What is the molecular basis of the Q signal? One suggestion is that it might take the form of a cadherin-mediated interaction between HCs and their neighbors (Warchol, 2002). Other cell-surface signalling molecules, such as Ephrins and Eph family members, are also candidates for such a role, as are soluble factors, such as those of the Wnt, FGF, and BMP families. The nature of the signal(s) that initiate regeneration and control the proliferation of SCs is a central problem for future research.

Supplementary Material

01. Supplemental Figure 1. Labeling for the SC-specific antigen (β-Tectorin Precursor-Like) is diminished after Notch inhibition.

A,B. β-Tectorin Precursor-Like immunoreactivity (green) is seen in the control utricle (A) and BP (B) using a monoclonal antibody (clone A25) from Dr. Guy Richardson (U. Sussex, UK). Organs were dissected from normal post-hatch day 7 chicks, fixed, and immunolabeled and thus reflect control “in situ” patterns of expression. Anatomical relationships are shown with DIC optics, in red. The distribution of A25 immunoreactivity resembles the distribution of β-Tectorin mRNA, as described in Goodyear et al. (1996). In the utricle, labeling is confined to the striolar region (S), while in the cochlear duct, expression is seen in BP SCs, clear cells (CC), and cuboidal epithelial cells (CEC) but not in hyaline cells (HyC) or homogene cells (not shown). The neural side is toward the top, and the distal end is toward the right.

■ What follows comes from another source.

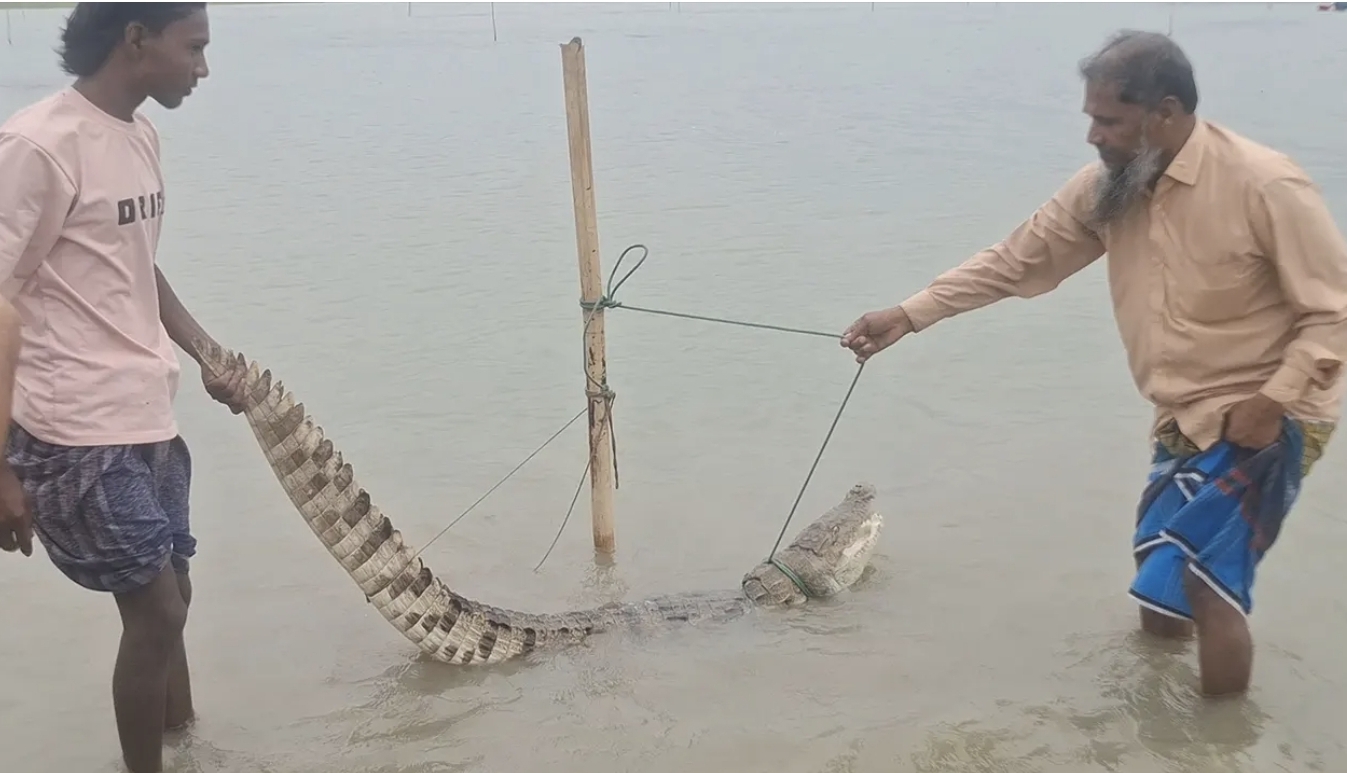 পদ্মায় বড়শিতে ধরা পড়ল কুমির

The inset in B shows a higher magnification of the honey-combed distribution of immunoreactivity in the BP, representative of SC labeling. C–F. Images of the BP from cochlear ducts cultured for 2 days with Streptomycin followed by 6 days with either DMSO (C,D) or DAPT (E,F) labeled for A25 (β-Tectorin Precursor-Like, green) and MyosinVI (red). The middle region of the BP is shown, with neural toward the top and distal toward the right. Note the even distribution of β-Tectorin-Precursor-Like labeling across the BP in DMSO-treated BPs (C,D), with MyosinVI-positive cells evenly distributed throughout. In contrast, after DAPT treatment (E,F), the normal distribution of β-Tectorin Precursor-Like immunoreactivity is lost from the neural half of the epithelium, with positive cells decreased in frequency and haphazardly organized. Scale bar = 100 μm in A,B,C,E, and 15 μm in D,F.

02. Supplemental Figure 2. In vitro TAPI-1 treatment causes increased Atoh1 transcription.

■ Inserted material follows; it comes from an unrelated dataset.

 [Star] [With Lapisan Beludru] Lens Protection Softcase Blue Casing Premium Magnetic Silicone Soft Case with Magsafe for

Cochlear ducts were cultured for 2 days with Streptomycin followed by 1 day without Streptomycin. TAPI-1 (20 or 50 μM; Calbiochem #579051) or matching concentrations of DMSO was included in media for the entire 3-day culture period. N = 5–6 BPs for each treatment. Atoh1 ISH in a DMSO control (A), in a BP treated with 50 μM TAPI-1 (B), and in a BP treated with 20 μM TAPI-1 (C). The mid-proximal region is shown in each case, with the proximal end toward the right. Note the large increase in label for Atoh1 mRNA in the BP treataed with 50 μM TAPI-1 compared to the control. The lower TAPI-1 dose (20 μM) had a smaller but similar effect. Scale bar = 15 μm.